I'm going camping again in two weeks.  I'll gladly burn anyone's TFS 6 min solutions book. Just send me your copy.  I'll provide the white gas free of charge.


----------



## JHW 3d (Feb 7, 2016)

So glad I didn't bother with the 6MS.


----------



## P-E (Feb 7, 2016)

You are for sure.  I almost gave up and quit after using the 6 min as a benchmark the week before the exam. . Luckily Mrs P-E didn't let me quit.   i dream of ways to burn that book.


----------



## Audi Driver P.E. (Feb 8, 2016)

If you could post the problem, that would help with finding the solution.


----------



## Ramnares P.E. (Feb 8, 2016)

Why is everyone suddenly replying to this? I asked this question 2 years ago. Mods please lock this topic.


----------



## Audi Driver P.E. (Feb 9, 2016)

Ramnares P.E. said:


> Why is everyone suddenly replying to this? I asked this question 2 years ago. Mods please lock this topic.

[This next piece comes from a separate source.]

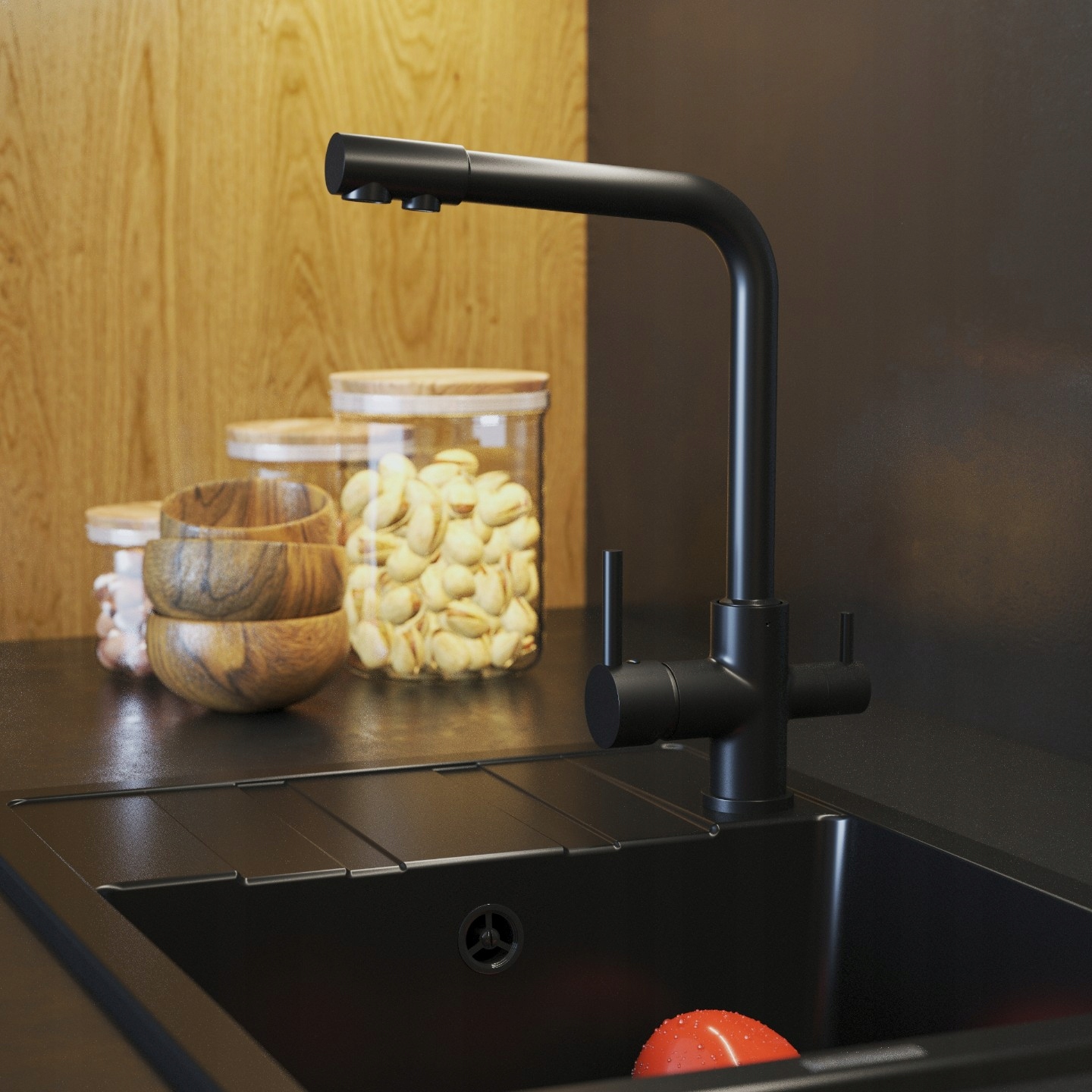 Кухонна акумулятор три -кран для фільтра води для кухонного чорного потоку

Because kfrazie1 had a question relating to 6ms also (albeit a different one)


----------



## Ramnares P.E. (Feb 9, 2016)

To be fair, this question was one of the few that was really left field on the SMS.  I found the book very helpful overall but I certainly wouldn't use it as my sole source of practice problems.


----------



## Phenomenon083 (Feb 9, 2016)

Yeah SMS offers dubious explanation on couple of problems, but overall I have found its problems are very realistic compare to MERM and its companion problems.


----------



## seeseansky (Mar 31, 2016)

The equation in 6MS Thermal / Fluids 2nd Ed. - Problem # 67 can be derived from mdot*cp*(T2-T1) using P=rho*R*T and T2=T1*(P2/P1)^(k/k-1).


----------



## P-E (Mar 31, 2016)

Ramnares P.E. said:


> To be fair, this question was one of the few that was really left field on the SMS.  I found the book very helpful overall but I certainly wouldn't use it as my sole source of practice problems.


It was very helpful in keeping the camp fire going, but I wouldn't use it as my sole source of kindling.


----------